- Your instructions:
Please transcribe the data exactly as shown, skipping the images.

Records for the exercise: Begin

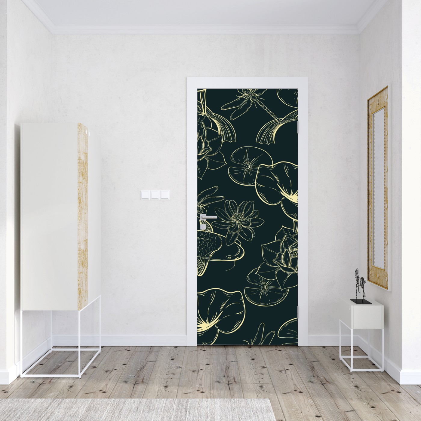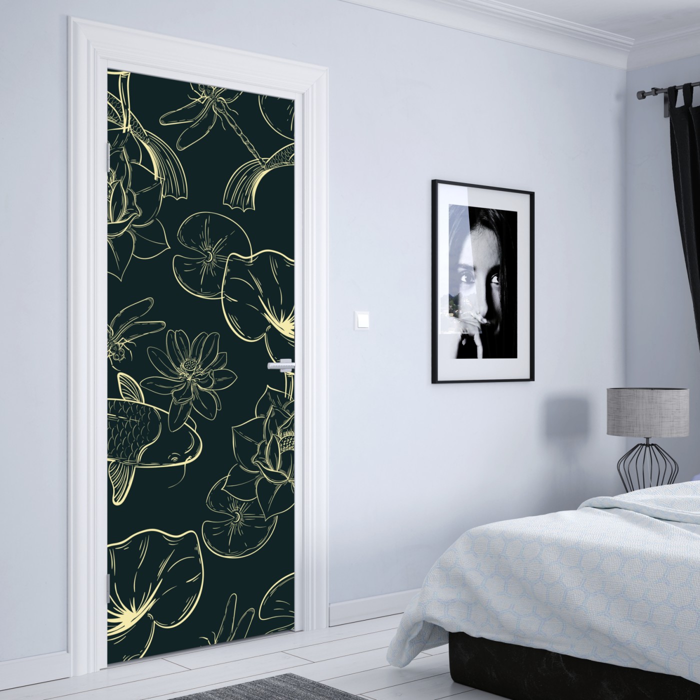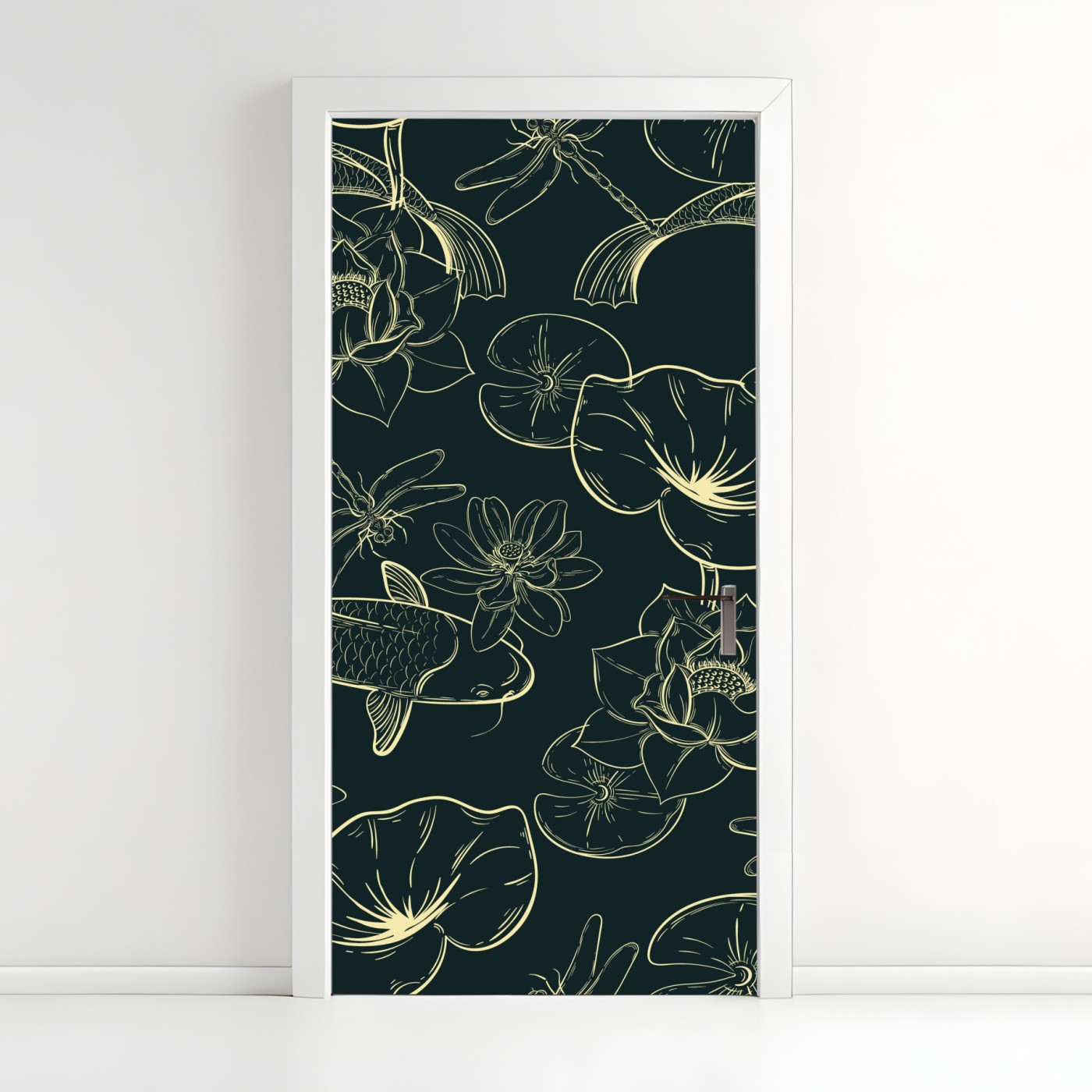 Türaufkleber Handgezeichnetes koi- und lotusmuster
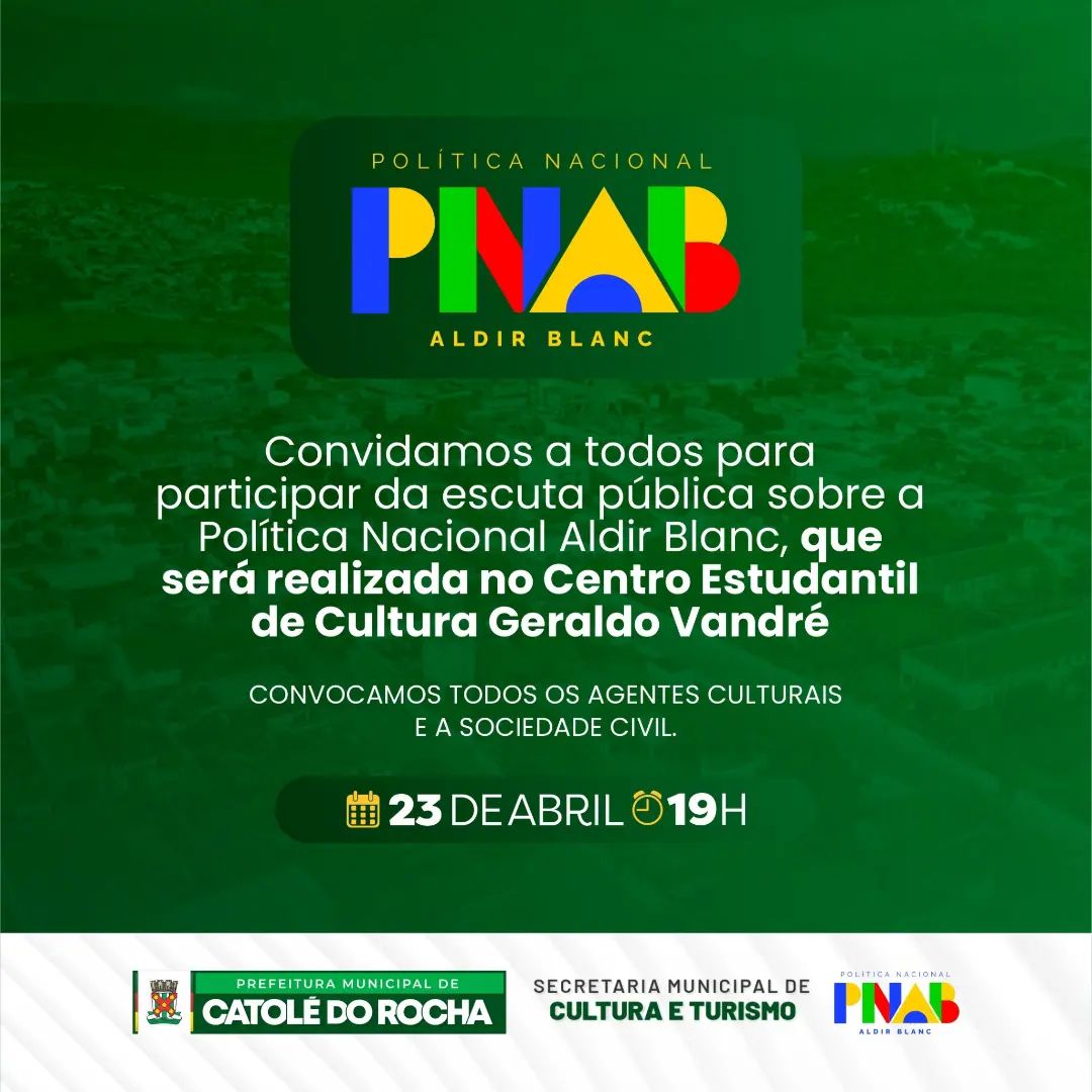 Importante – Na próxima terça-feira (23/04), às 19h00 (noite), será realizada a Escuta Pública sobre a aplicação da Lei Aldir Blanc no município de Catolé do Rocha.
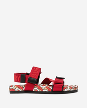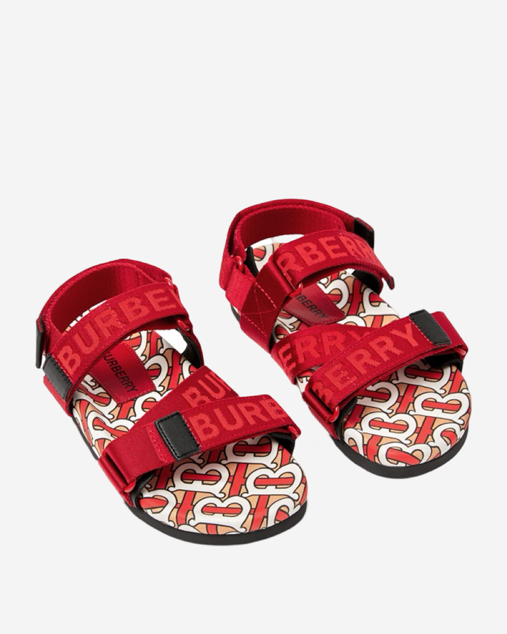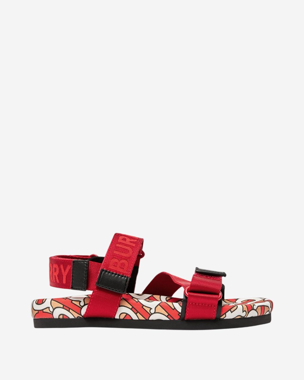 - Descripción: Sandalias Burberry en material textil color rojo con logo grabado, suela en monogram, puntera redondeada
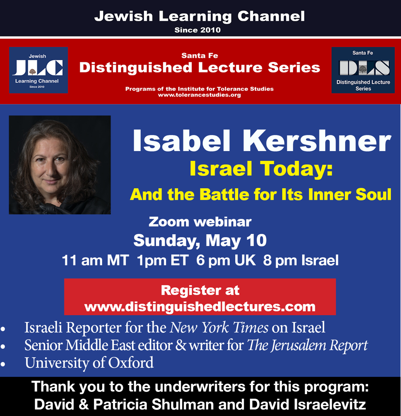 May 10: NYT Reporter Isabel Kershner, Israel Today: And Its Battle for Its Inner Soul
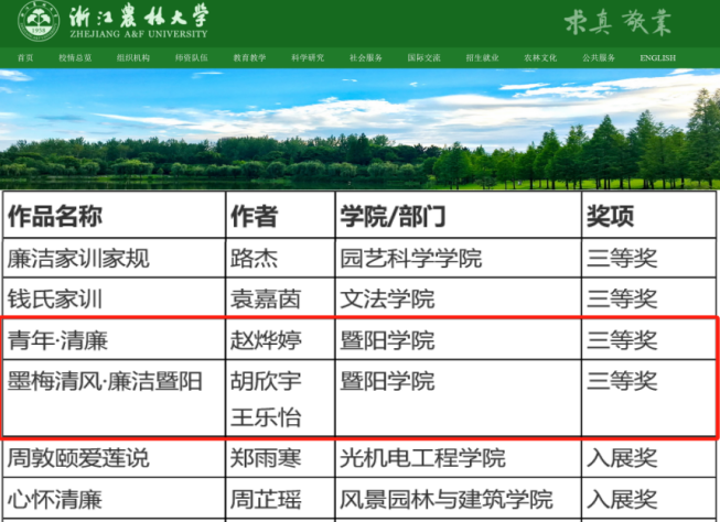 近日,学校党委宣传部、纪检监察室公布了学校“清风化人 廉洁润心”清廉文化作品大赛评选结果,我院报送的视频类作品《青年·清廉》和广告类作品《墨梅清风 廉洁暨阳》均获三等奖。
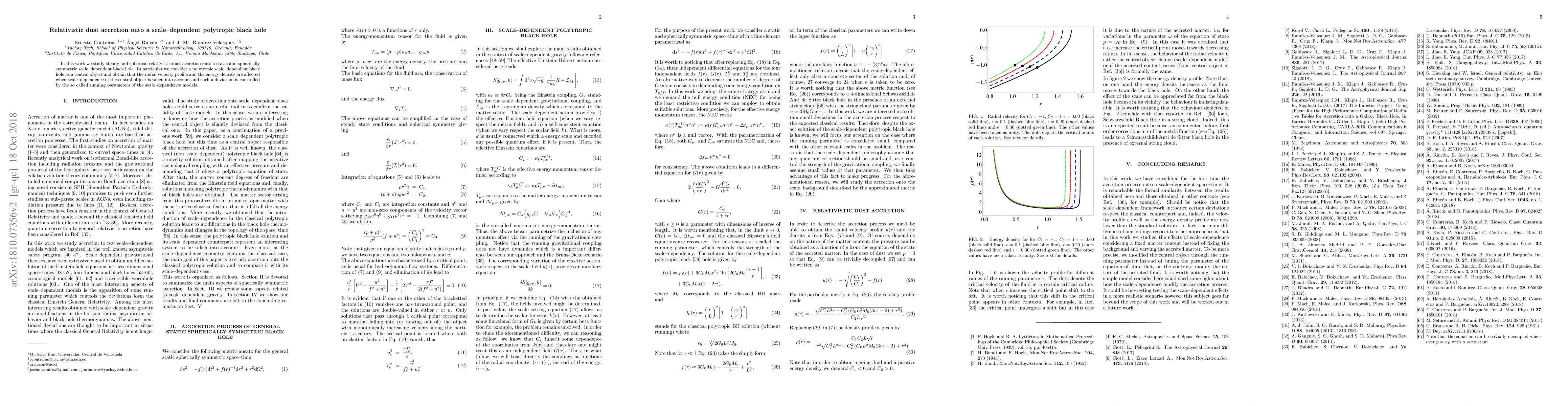 In this work we study steady and spherical relativistic dust accretion onto a static and spherically symmetric scale--dependent black hole. In particular we consider a polytropic scale--dependent black hole as a central object and obtain that the radial velocity profile and the energy density are affected when scale--dependence of the central object is taken into account and such a deviation is controlled by the so called running parameters of the scale--dependence models.
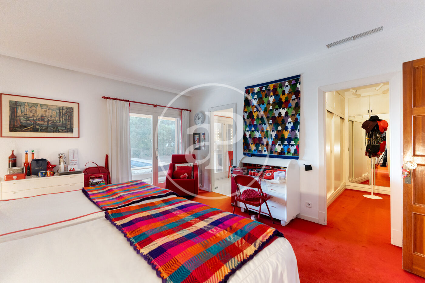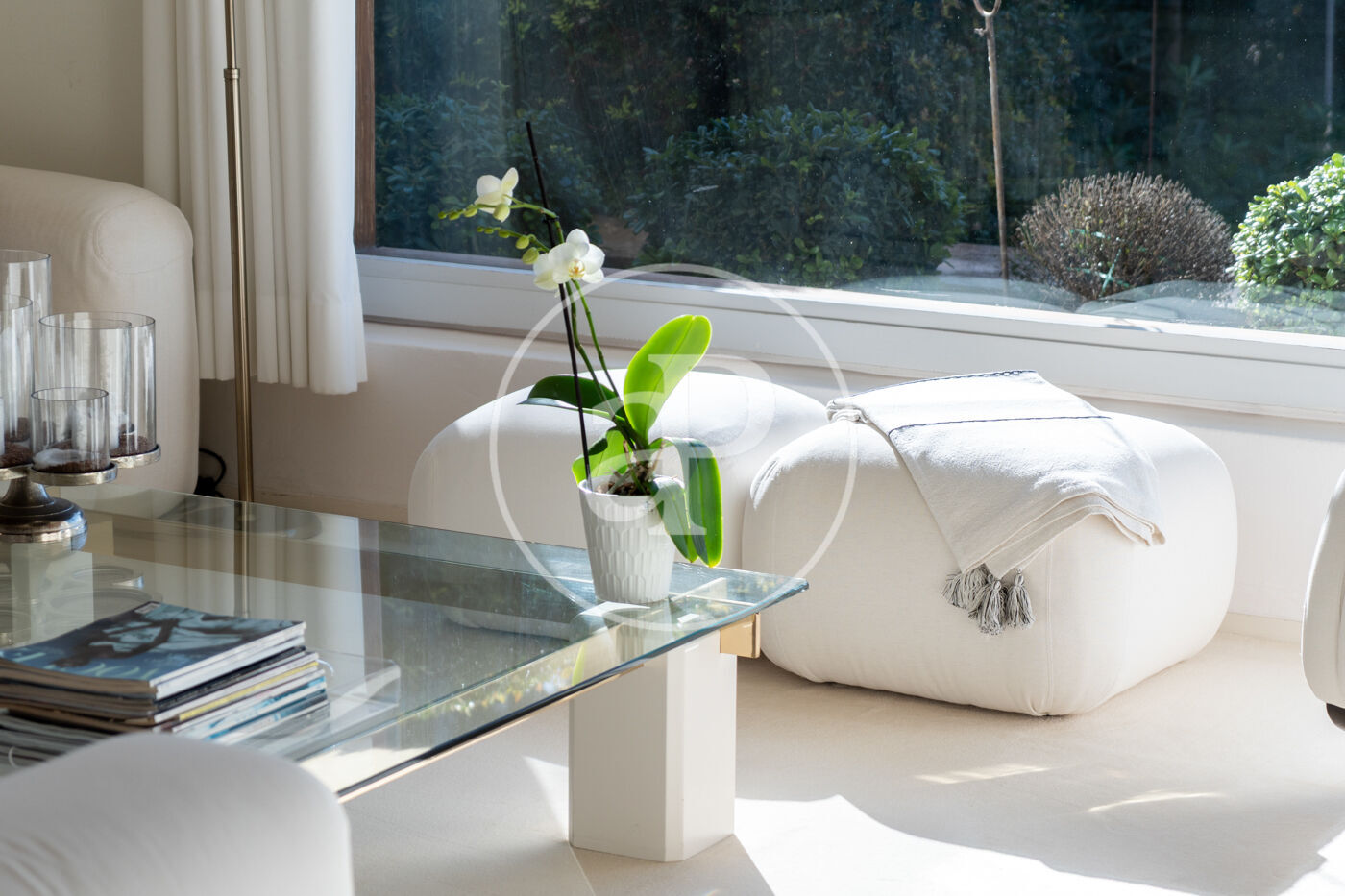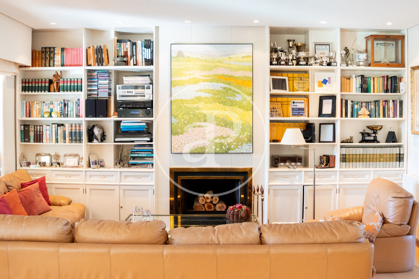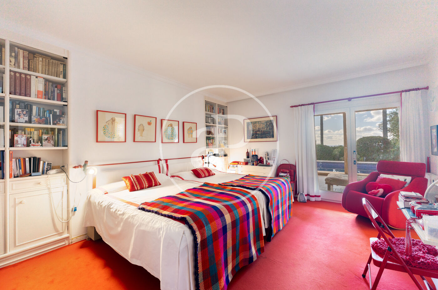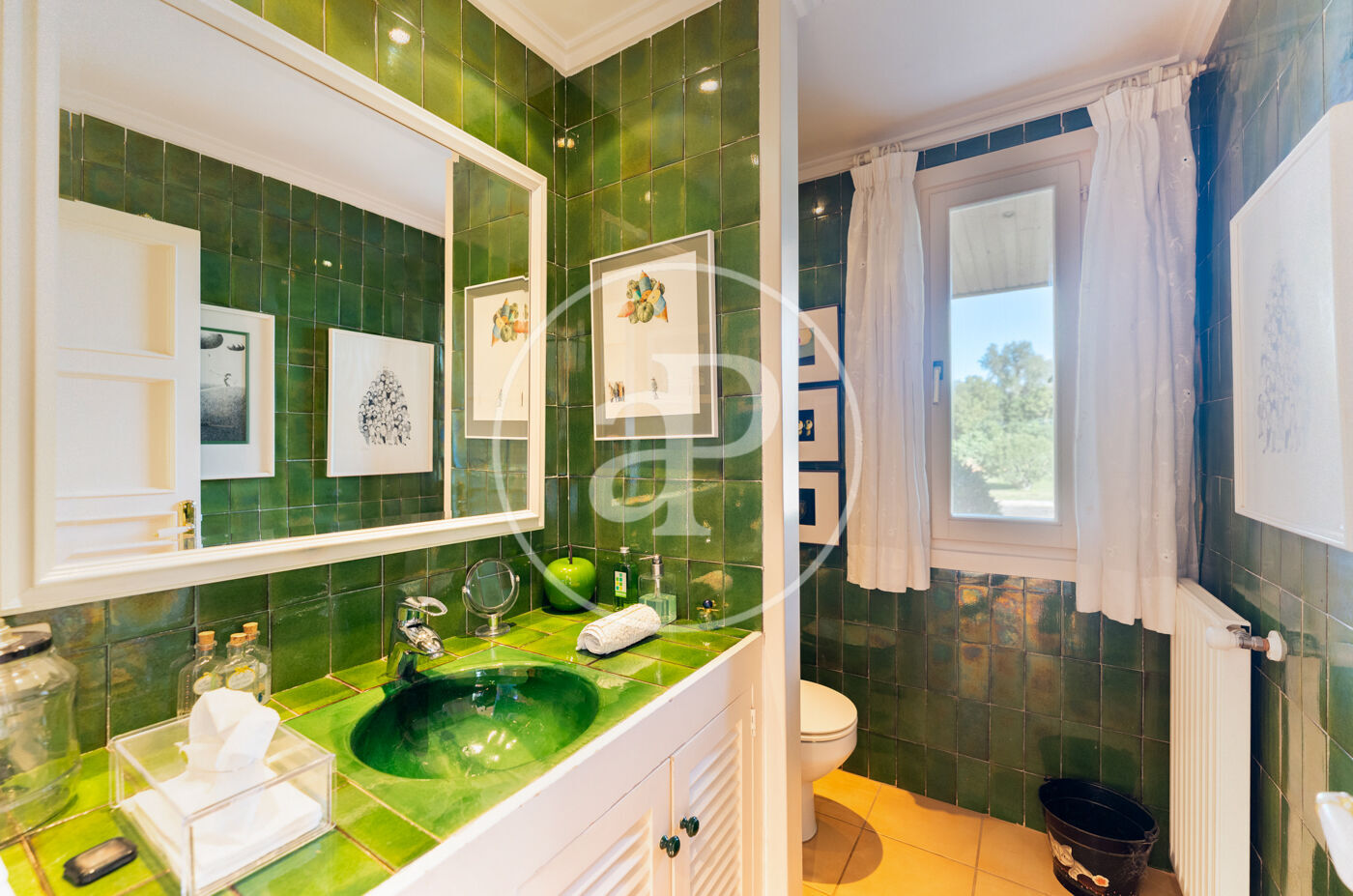 The generous living-dining room with fireplace is complemented by a second lounge for guests and offers direct access to the porch with barbecue, the swimming pool and the expansive outdoor terraces, surrounded by a beautifully maintained garden—ideal for enjoying the Mediterranean lifestyle.
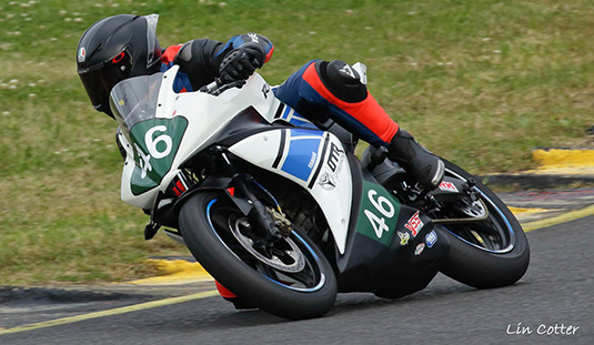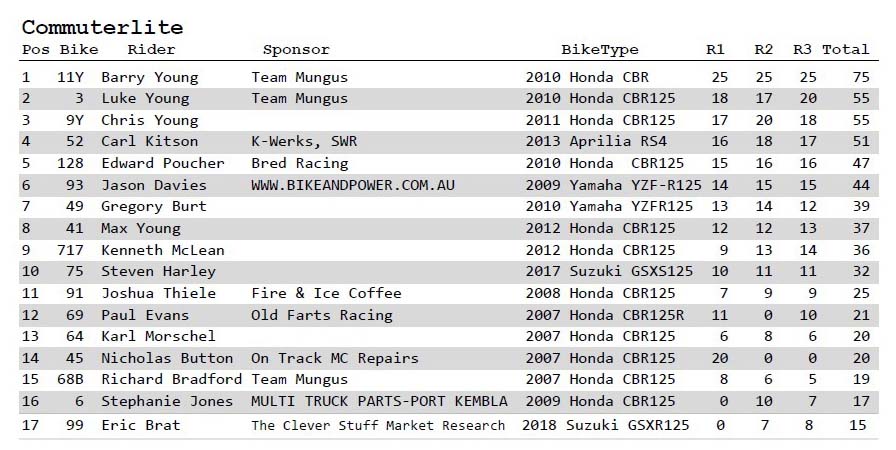 Commuterlite Championship Leader #128 Edward Poucher (Bred Racing Honda CBR125) finished 6th. followed by #93 Jason Davies #93 (Yamaha YFZR125) 7th.
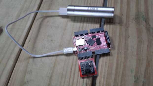 - Ahora ejecute 'tessel ejecutar camera.js - subir-dir.'. El indicador de carga-dir permite especificar dónde se guardan las fotos.
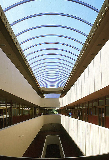 マリン郡庁舎( シヴィック・センター ) どちらの棟にも 中廊下に吹抜けがあり、 アクリルのヴォールト屋根から光が落ちる。 ライトは 屋根のない外部空間として計画したが、 ライトの没後に アクリルの天窓に変更された。
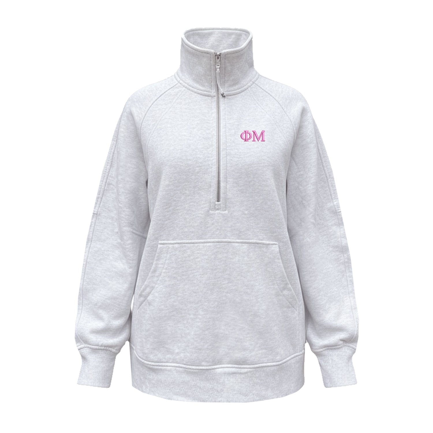 Serious about softness. This funnel-neck half zip is all about fleecy fabric and sinking in to a cozy oversized fit.  Available in Heathered Core Ultra Light Grey with your Phi Mu letters embroidered.
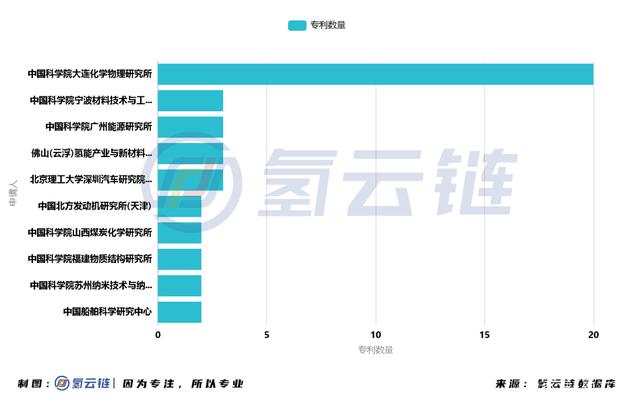 從科研機構來看,中科院大連化物所以20件,排名第一;中科院寧波材料所、中科院廣州能源所、佛山氫能產業與新材料所、北京理工大學深圳汽車研究院均以3件,并列第二;中國北方發動機研究所、中科院山西煤炭所、中科院福建物質所、中科院蘇州納米技術所和中國船舶研究中心以2件,并列第三。

Records for the exercise: End

- Output of the task:
 Türaufkleber Handgezeichnetes koi- und lotusmuster
 Importante – Na próxima terça-feira (23/04), às 19h00 (noite), será realizada a Escuta Pública sobre a aplicação da Lei Aldir Blanc no município de Catolé do Rocha.
 - Descripción: Sandalias Burberry en material textil color rojo con logo grabado, suela en monogram, puntera redondeada
 May 10: NYT Reporter Isabel Kershner, Israel Today: And Its Battle for Its Inner Soul
 近日,学校党委宣传部、纪检监察室公布了学校“清风化人 廉洁润心”清廉文化作品大赛评选结果,我院报送的视频类作品《青年·清廉》和广告类作品《墨梅清风 廉洁暨阳》均获三等奖。
 In this work we study steady and spherical relativistic dust accretion onto a static and spherically symmetric scale--dependent black hole. In particular we consider a polytropic scale--dependent black hole as a central object and obtain that the radial velocity profile and the energy density are affected when scale--dependence of the central object is taken into account and such a deviation is controlled by the so called running parameters of the scale--dependence models.
 The generous living-dining room with fireplace is complemented by a second lounge for guests and offers direct access to the porch with barbecue, the swimming pool and the expansive outdoor terraces, surrounded by a beautifully maintained garden—ideal for enjoying the Mediterranean lifestyle.
 Commuterlite Championship Leader #128 Edward Poucher (Bred Racing Honda CBR125) finished 6th. followed by #93 Jason Davies #93 (Yamaha YFZR125) 7th.
 - Ahora ejecute 'tessel ejecutar camera.js - subir-dir.'. El indicador de carga-dir permite especificar dónde se guardan las fotos.
 マリン郡庁舎( シヴィック・センター ) どちらの棟にも 中廊下に吹抜けがあり、 アクリルのヴォールト屋根から光が落ちる。 ライトは 屋根のない外部空間として計画したが、 ライトの没後に アクリルの天窓に変更された。
 Serious about softness. This funnel-neck half zip is all about fleecy fabric and sinking in to a cozy oversized fit.  Available in Heathered Core Ultra Light Grey with your Phi Mu letters embroidered.
 從科研機構來看,中科院大連化物所以20件,排名第一;中科院寧波材料所、中科院廣州能源所、佛山氫能產業與新材料所、北京理工大學深圳汽車研究院均以3件,并列第二;中國北方發動機研究所、中科院山西煤炭所、中科院福建物質所、中科院蘇州納米技術所和中國船舶研究中心以2件,并列第三。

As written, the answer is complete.